My muse and musings over the last 3 weeks have both confused and refocused me so we'll move to another "M"spiration. Today's song for this blog is New World Man by Rush.
He’s not concerned with yesterday
He knows constant change is here today
He’s noble enough to know what’s right
But weak enough not to choose it
He’s wise enough to win the world
But fool enough to lose it —
The New World Man lacks focus. He has convictions that he doesn't always follow. But he's in process...as am I. (The process is over using the ellipsis as I stream thoughts overflowing while my editor winces.)
I know that I was going in an entirely different direction in my last post, and we'll get back there. Honestly, I have been a little off track from the start. But the only thing that is constant, is change. It's time to re-invent who I am again. Time to put the pieces back together and start again, even if it's too late for some things...

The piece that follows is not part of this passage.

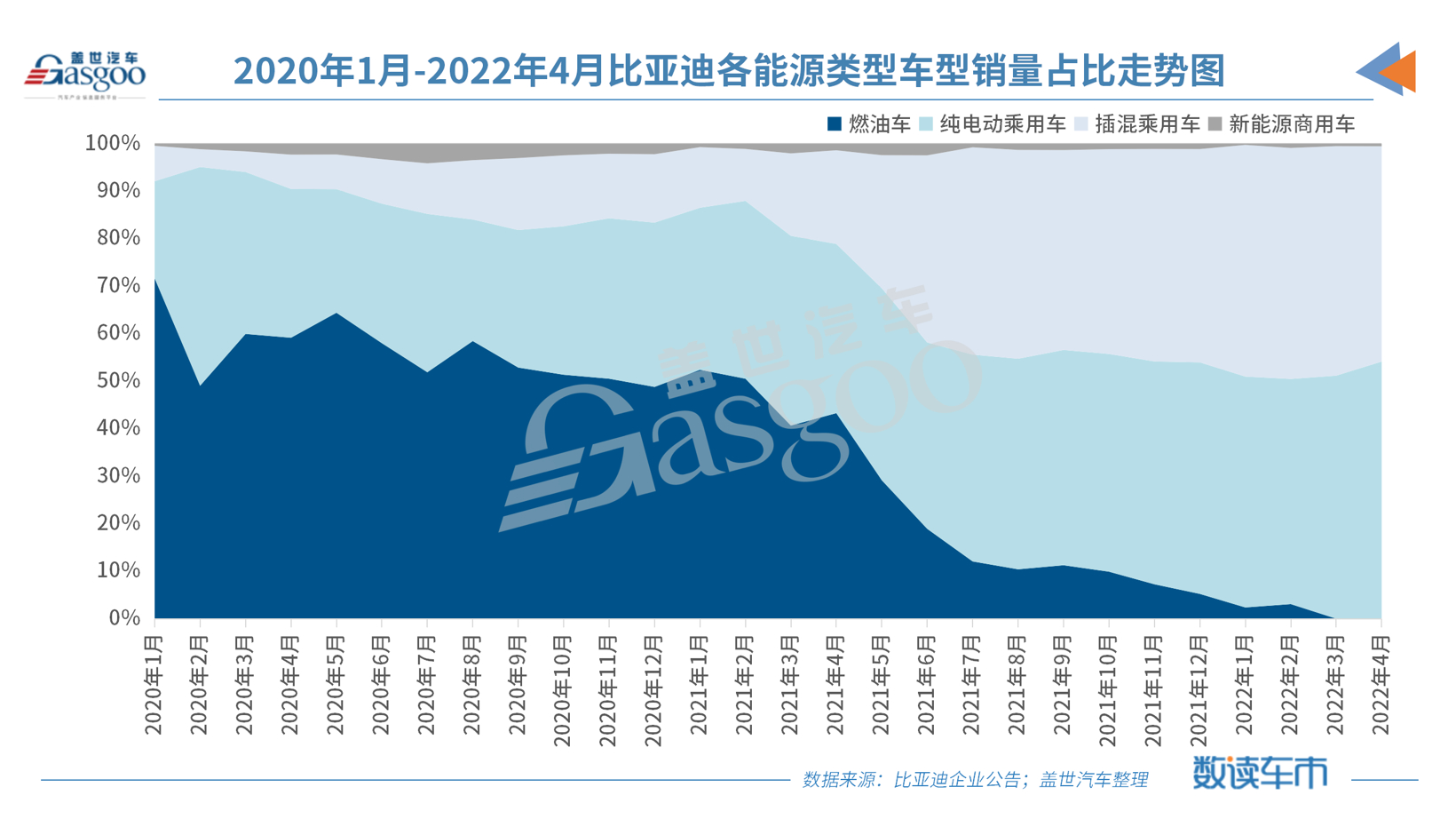 4月,比亚迪纯电动乘用车及插电式混动乘用车分别销售57,403辆和48,072,占集团总销量的54.13%和45.33%。且就资料显示,至此比亚迪已累计销售超190万辆新能源车型。

I really thought I would have had some notoriety by now. I hesitate to use the word famous, especially since the term has really been watered-down by the plague of social media. As a young man I imagined that I'd be on a TV talk show or I would be interviewed for some magazine piece. I'd plug my new novel or the movie that I'd written the screenplay for based on some of my own life experiences or find a new twist on an existing work that no one else but me saw. I would get to thank all of the wonderful people I have encountered in my life who's words and lessons have stuck with me throughout the years. People would brag about having known me at some point in their lives. I don't know why either of those last things
Yet the New World Man is easily forgettable...but with so much promise. While the song speaks more to building society by taking in the big picture (the Old World Man and the Third World Man) and developing that to the next level, even in making some of the same mistakes, I take the more mundane, and literal approach to the individual struggling within to create something better. (All while producing the ugliest punctuated run-on sentence.)
So, I say I've been getting refocused (although it's not really materializing here) and part of that has been figuring out what to give up and what to focus on. I'm still not there. But I think there will always be little pieces of who I am, who I have been and who I might become next as I continue on my journey...as the Incomplete Writer.